I do feel that Wednesday and Thursday have taken a toll on investor sentiment. This can be seen in the color of the indexes of course, but also through my patented in-house indicator, the "hollow mailbox syndrome". Most of the time, I receive an excessive number of messages every day, which are filtered and classified via complex rules in little tabs called "Analysis", "Management Companies", "Listed Companies News", "Recruitment" or "Bloomberg Alerts" for example. Overall, between 100 and 300 emails pass through these pipes every day. All this to say that a few times a year, the "empty mailbox syndrome" occurs, always after a difficult stock market session. Like yesterday's. During these episodes, analysts prefer to let the storm pass to avoid saying stupid things, companies avoid publishing information unless they have no choice and managers practice a timely ostrich policy. So when I get as few messages as I did this morning, I know that the previous day's session went badly.

 

How bad? Well, let's just say that the market seems to consider since yesterday that bad news is bad news. In the past few months, the market has tended to rely on the mantra "bad news ? good news!", which allowed it to cling to the hope that central banks would become pro-growth again as they saw a steady stream of bad macroeconomic figures alongside a reduction in inflationary pressure. But economics being a hopelessly inexact science, things are not going as planned. There was a big disconnect between market expectations and the substance of the week's many monetary policy decisions. Not so much on the numbers, as all the central banks raised rates by half a point, as was expected. But rather on the speeches. Investors were hoping for a firmness tinged with optimism, they got a firmness tinged with caution. Jerome Powell for the Fed on Wednesday and Christine Lagarde for the ECB on Thursday made it clear that before worrying about when rates will come down, they will have to go through the phase of an economic slowdown.

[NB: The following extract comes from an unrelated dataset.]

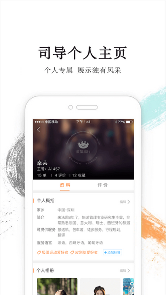 我觉得这个软件对导游来说是个不错的选择!它不仅让工作更高效,还能结交朋友,轻松赚钱。自由的工作时间和完善的培训机制更是加分项,适合想在旅游行业发展的小伙伴。特别是7*24小时客服和实时订单提醒,真的能抓住更多机会。

I'll end by reminding you that this is the third Friday of the month and that it is synonymous with the derivatives clearing session. December clearing is also the fourth quarter clearing. So it's kind of the end of the trading year, at least for a number of products. So, there could be quite a bit of volatility.

 

Economic highlights of the day:

The flash PMI indicators for December for the major economies will be announced throughout the day. All the macro agenda is here.

The dollar is slightly down to EUR 0.9415 The ounce of gold is back down to 1785 dollars. Oil retreats again after its surge, with North Sea Brent at USD 79.63 a barrel and US WTI light crude at USD 74.57. The yield on 10-year US debt is holding steady around 3.48%. Bitcoin is still trading around 17,000 dollars.

 

In corporate news:

* Adobe jumped 4.2 percent in premarket trading as the Photoshop maker said Thursday it expects first-quarter adjusted earnings per share of between $3.65 and $3.70, compared with analysts' consensus of $3.64, according to Refinitiv data.

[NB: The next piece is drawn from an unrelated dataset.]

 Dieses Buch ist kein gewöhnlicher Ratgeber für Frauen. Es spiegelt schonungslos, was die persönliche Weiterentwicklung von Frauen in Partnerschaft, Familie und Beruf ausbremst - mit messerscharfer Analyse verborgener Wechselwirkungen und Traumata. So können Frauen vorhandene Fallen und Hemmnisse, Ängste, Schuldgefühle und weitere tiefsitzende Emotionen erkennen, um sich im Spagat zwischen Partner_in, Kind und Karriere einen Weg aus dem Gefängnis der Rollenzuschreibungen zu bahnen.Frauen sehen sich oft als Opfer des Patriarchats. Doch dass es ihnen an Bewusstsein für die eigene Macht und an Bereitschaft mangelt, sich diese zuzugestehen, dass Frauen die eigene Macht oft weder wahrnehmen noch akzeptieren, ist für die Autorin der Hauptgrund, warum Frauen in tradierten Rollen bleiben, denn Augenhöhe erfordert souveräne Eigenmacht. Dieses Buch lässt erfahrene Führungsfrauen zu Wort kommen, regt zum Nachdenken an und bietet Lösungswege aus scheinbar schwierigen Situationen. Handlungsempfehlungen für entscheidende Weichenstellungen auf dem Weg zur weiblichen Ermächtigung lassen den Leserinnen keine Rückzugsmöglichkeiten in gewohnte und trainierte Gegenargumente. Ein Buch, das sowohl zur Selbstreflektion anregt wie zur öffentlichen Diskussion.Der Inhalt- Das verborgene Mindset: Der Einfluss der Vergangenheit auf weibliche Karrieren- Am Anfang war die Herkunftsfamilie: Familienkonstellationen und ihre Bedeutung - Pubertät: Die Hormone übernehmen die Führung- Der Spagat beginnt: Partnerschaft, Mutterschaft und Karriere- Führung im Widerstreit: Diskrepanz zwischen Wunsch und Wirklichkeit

* The French National Financial Prosecutor's Office (PNF) announced Friday that searches were conducted Thursday at the General Electric site in Belfort as part of a preliminary investigation into aggravated tax fraud.

* U.S. Steel gained nearly 1% in premarket trading after the company raised its fourth-quarter adjusted earnings per share guidance.

* Amazon will adapt the battle game "Warhammer 40,000" for film and television after signing a tentative agreement with British publisher Games Workshop.

* Meta Platforms is up 1.7% in pre-market trading after JP Morgan raised its recommendation to "overweight" from "neutral".

* Digital World Acquisition is down 4.8% in premarket trading after the announcement on Friday of the departure of its chief financial officer Luiz Braganza.